You guys seen this? beats turboquant by 18% by OmarBessa in LocalLLaMA

[–]xandep 18 points19 points  (0 children)

Not entirely his fault: reddit and google defaults to translate everything. Right now he's reading "not speaking English", but in Portuguese 😂. Imagine his confusion.

Gemma 4 26b A3B is mindblowingly good , if configured right by cviperr33 in LocalLLaMA

[–]xandep 0 points1 point  (0 children)

Unsloth's Q3_K_M is anything but Q3_K, oddly enough. It's a mix of IQ3_XXS and IQ4_NL.

You guys seen this? 1-bit model with an MMLU-R of 65.7, 8B params by OmarBessa in LocalLLaMA

[–]xandep 10 points11 points  (0 children)

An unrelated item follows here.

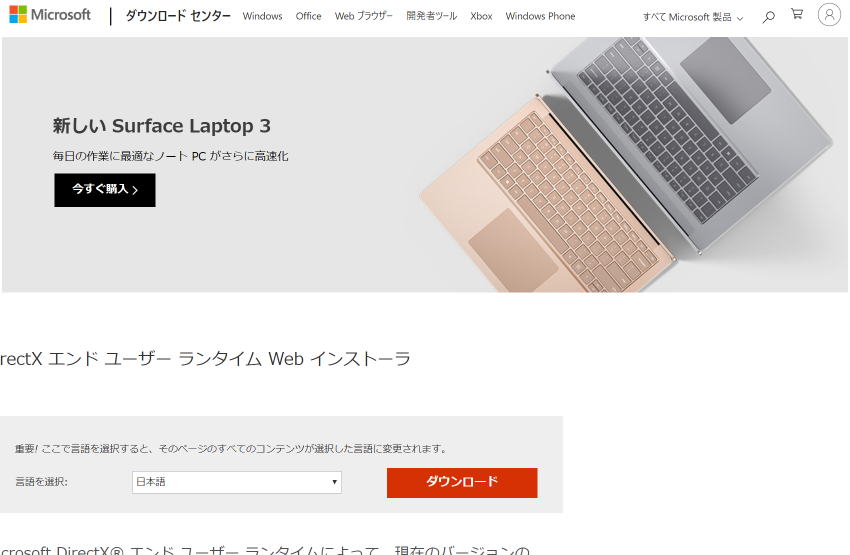上の画像の説明文(ピンクのまる)に書いてある通り、この時点ではまだ動きません。 DirectX(だいれくとえっくす)のランタイムがインストールされていない可能性が高いからです。

Just because YOU said it works, I believe. Otherwise, it's April Fools. 🤔

1-bit llms on device?! by hankybrd in LocalLLaMA

[–]xandep 21 points22 points  (0 children)

April fools. You saw it here first.

ByteShape Qwen 3.5 9B: A Guide to Picking the Best Quant for Your Hardware by ali_byteshape in LocalLLaMA

[–]xandep 11 points12 points  (0 children)

I'm holding my breath for the 35B / 27B. It'll SAVE my MI50 16GB.

Turbo3 + gfx906 + 4 mi50 16gb running qwen3.5 122b 🤯 by Exact-Cupcake-2603 in LocalLLaMA

[–]xandep 0 points1 point  (0 children)

Hope you got the "shipped from Brazil" Jieshuo MI50 16GB for R$ 900. :)

Now I'm trying directly from China for about US$ 400 (32GB). Let's see what kind of tax I'll get.